Advanced audit is a feature that logs requests at the API server level. When enabled, these logs are output to a log file on the master node but are not caught by the EFK stack in OpenShift. Today, we will walk through the advanced audit feature in OpenShift Container Platform 3.11 and will make modifications to allow it to be integrated with aggregated logging.
Prerequisites
To continue, you must have a running OpenShift 3.11 cluster with logging enabled. The cluster I used for this demo was a single-node, rpm-based installation with the ovs-subnet SDN plugin enabled.
Overview
Before we begin working with advanced audit, let’s dive into the features it has to offer. Advanced audit is an enhancement over the older basic audit. Whereas the basic audit logged all requests to an audit file, advanced audit allows administrators to write a policy file to specify a subset of requests that get logged. This is a good feature for administrators who are only interested in certain interactions.
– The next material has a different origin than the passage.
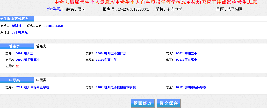 7.考生在网上填报系统中要认真填写本人的联系电话和录取通知书送达地址,这是考生网上录取电子档案信息中的重要部分。主要用于录取期间招生部门或招生学校与考生联系,用于招生学校送达录取通知书。如果考生不填写或填写不准确,可能会影响录取,录取后无法送达录取通知书。所以请考生和家长一定要认识到填写本人通讯方式和录取通知书送达地址的重要性,一定要按网上填报志愿系统的要求,认真、准确、完整地填写,并确保在录取期间所填电话的畅通。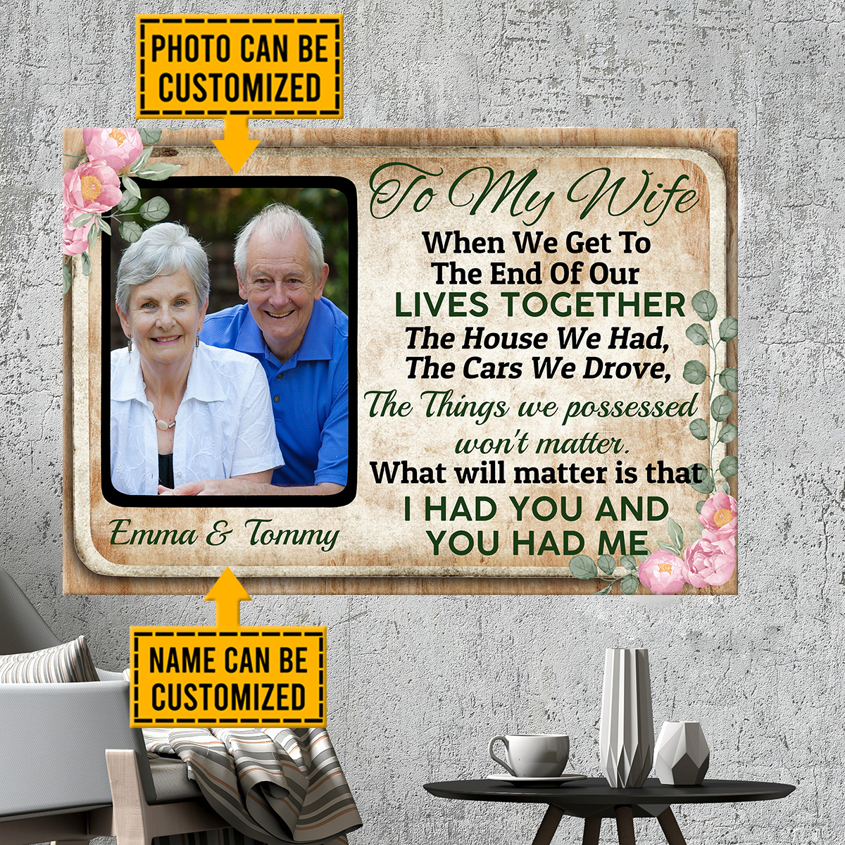 Are you spending too much time to find creative merchandise for you or suitable & special gifts for your mommy, your daddy, your son, your daughter, your children, your friends or someone you love? The struggle is over because we have various Gift Custom Canvas Husband & Wife Photos Canvas, Personalized Husband and Wife Canvas, Personalized Canvas Pictures Husband and Wife, to My Wife Personalized Poster, Personalized Poster for Wife, Husband and Wife Personalized Wall Decor for Bedroom which will make perfect presents for your beloveds. In order to make your present stand out, we have created lots of unique and awesome customized photo gifts & personalized designs.

Advanced audit also offers a webhook which can be used to send audit logs to a log aggregator via http or https.
Integration
Now that we know more about advanced audit, let’s integrate this feature with aggregated logging. We will first write a simple policy file to specify which requests will be logged. Then, I will demonstrate two different ways to integrate with aggregated logging – once using hostpath mounts and another using the webhook.
Policy File
In this example, we will write a simple policy file to log when an authenticated user creates or deletes an OpenShift project.
Write the policy file below to /etc/origin/master/audit-policy.yaml.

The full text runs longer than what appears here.